Isso pode ser feito por meio de medidas de segurança, como a criptografia de dados e o acesso restrito a dados e informações confidenciais, além de regulamentações que garantam a proteção dos direitos e dos interesses envolvidos nos processos judiciais.
2 Princípio da publicidade processual: aspectos conceituais
O termo publicidade deriva do verbo publicar, que se origina de duas expressões latinas: publicus, relacionado às pessoas (ao público), e publicare, que significa tornar acessível às pessoas ou ao público.
Para Norberto Bobbio (1997, p. 103), a publicidade dos atos de poder público “(...) representa o verdadeiro momento de reviravolta na transformação do estado moderno que passa do estado absoluto a estado de direito”.
Por meio da observância da publicidade, a Administração Pública torna-se impessoal e visível (ou transparente).[2]
Segundo J. J. Canotilho (1993, p. 171 e 191), a publicidade exerce uma função positiva sobre os atos da Administração Pública, ao atribuir eficácia externa e segurança jurídica, bem como proteger os cidadãos contra tais atos.
Levando-se em conta que a prestação jurisdicional é uma função pública e que o Judiciário é organizado e administrado pela Administração Pública, por meio da observância da publicidade se busca a transparência e a divulgação dos atos praticados no processo (MELLO, 1999, p. 44-45).
Nesse sentido, Michele Taruffo (1975, p. 407) destaca que a publicidade e o dever de fundamentação das decisões possibilitam uma relação direta entre a sociedade e a Administração da Justiça, ao permitir o controle externo dos atos judiciais.

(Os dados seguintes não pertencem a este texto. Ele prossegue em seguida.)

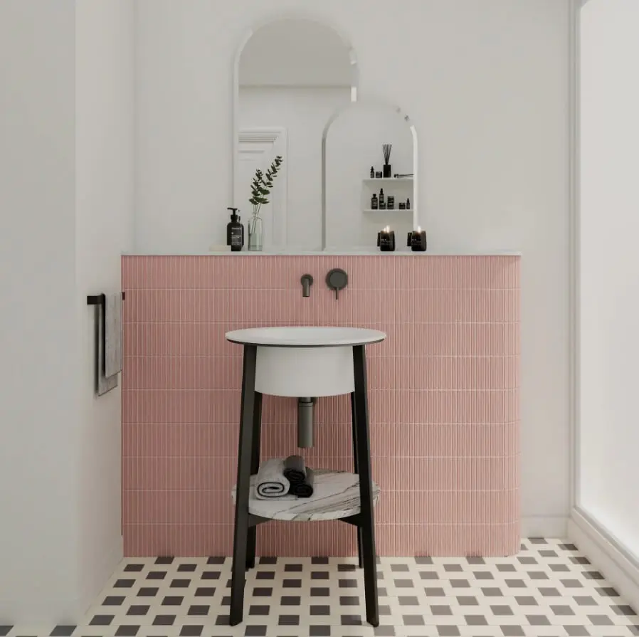 Architekci rekomendują użycie płytek Kit Kat, także w łazience, gdzie tworzą wyjątkową dekorację ściany pod prysznicem lub strefy umywalkowej. Piękno tych stylowych mozaik polega na tym, że oferują szeroki wachlarz możliwości w kreowaniu odważnych, bądź bardziej klasycznych wzorów. Pozwalają, również eksperymentować z kolorem i fakturą w przestrzeni. Płytki Kit Kat można łączyć z jasnymi lub ciemnymi kolorami fugi, aby uzupełnić kolor płytki lub całkowicie go skontrastować, tworząc mocne wrażenie wizualne we wnętrzu.
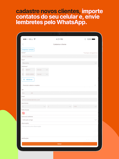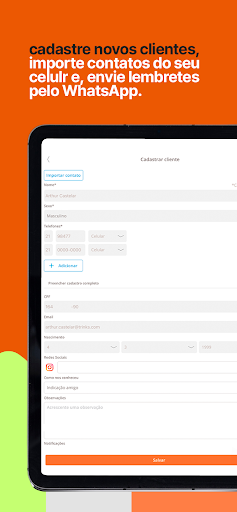 Cadastre ou edite os dados do cliente, envie lembretes via WhatsApp e mensagens de aniversário com apenas um clique.
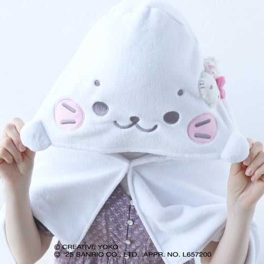 お風呂上がりやプールサイドでお役立ちのアイテム。大きなフードをかぶればあなたもしろたん!
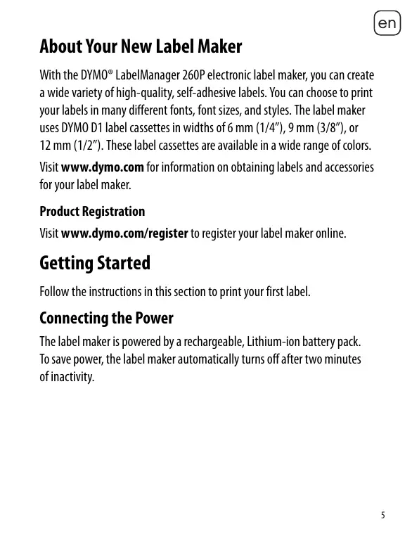 About Your New Label Maker With the DYMO® LabelManager 260P electronic label maker, you can create a wide variety of high-quality, self-adhesive labels. You can choose to print your labels in many different fonts, font sizes, and styles. The label maker uses DYMO D1 label cassettes in widths of 6 mm (1/4”), 9 mm (3/8”), or 12 mm (1/2”). These label cassettes are available in a wide range of colors. Visit www.dymo.com for information on obtaining labels and accessories for your label maker. Product Registration Visit www.dymo.com/register to register your label maker online. Getting Started Follow the instructions in this section to print your first label. Connecting the Power The label maker is powered by a rechargeable, Lithium-ion battery pack. To save power, the label maker automatically turns off after two minutes of inactivity.
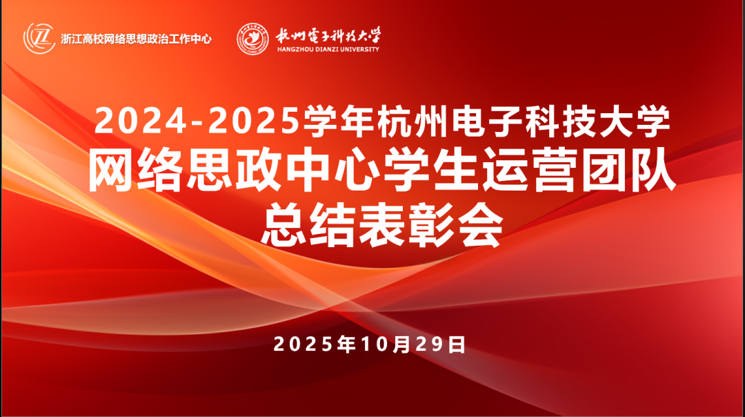 10月29日,2025 年浙江高校网络思政中心学生运营团队总结表彰大会在杭州电子科技大学第3教研楼101教室成功举行。本次会议旨在总结2024-2025学年浙江高校网络思政中心、浙江省易班发展中心的工作,表彰优秀学生运营团队。
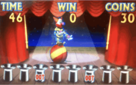 进入帽子游戏后,倒计时内需投币进入帽子通道:帽子对应所有水果分数之和为奖励掉币数:投币掉入out帽子或倒计时结束,帽子戏法结束
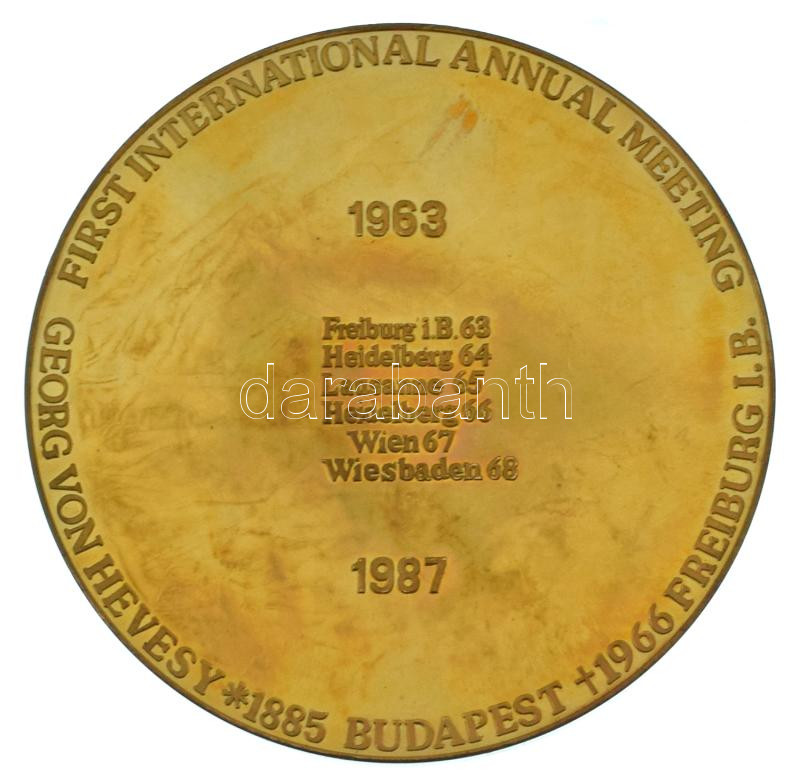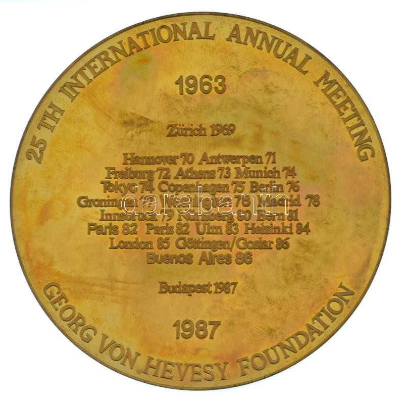 1987. "25. Nemzetközi Találkozó - Hevesy György Alapítvány" kétoldalas, angol nyelvű bronz emlékérem (80mm) T:AU
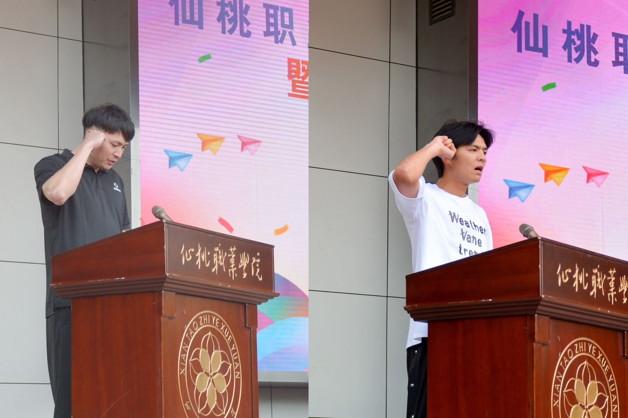 经济与管理学院学生王欣奇、大学生文化体育中心教师毛鹏辉分别代表运动员、裁判员宣誓。

Da mesma forma, Joan Picó i Junoy (2012, p. 139) afirma que a publicidade confere uma projeção genérica às decisões judiciais, para que não se limitem apenas ao conhecimento das partes.
Na diferenciação que importa aos objetivos deste artigo, a publicidade pode ser:
(a) interna ou endoprocessual, que possui como destinatárias as partes do processo e seus representantes;
(b) e externa ou extraprocessual, destinada a qualquer pessoa fora do processo, interessada juridicamente nele ou não.[3]
A publicidade também é doutrinariamente classificada como:
(c) geral, ao permitir o acesso de qualquer pessoa aos atos processuais;
(d) restrita, que a limita às partes processuais;
(e) imediata, na qual todas as pessoas podem acompanhar a execução dos atos processuais;
(f) e mediata, em que qualquer pessoa tem acesso ao conteúdo do ato após a sua prática.[4]
Além dessas distinções, atribui-se uma dupla consequência à publicidade:
(a) a proibição de atos processuais e (especialmente de) julgamentos secretos;
(b) e a exigência de que todas as decisões judiciais sejam acessíveis ao público externo ao processo.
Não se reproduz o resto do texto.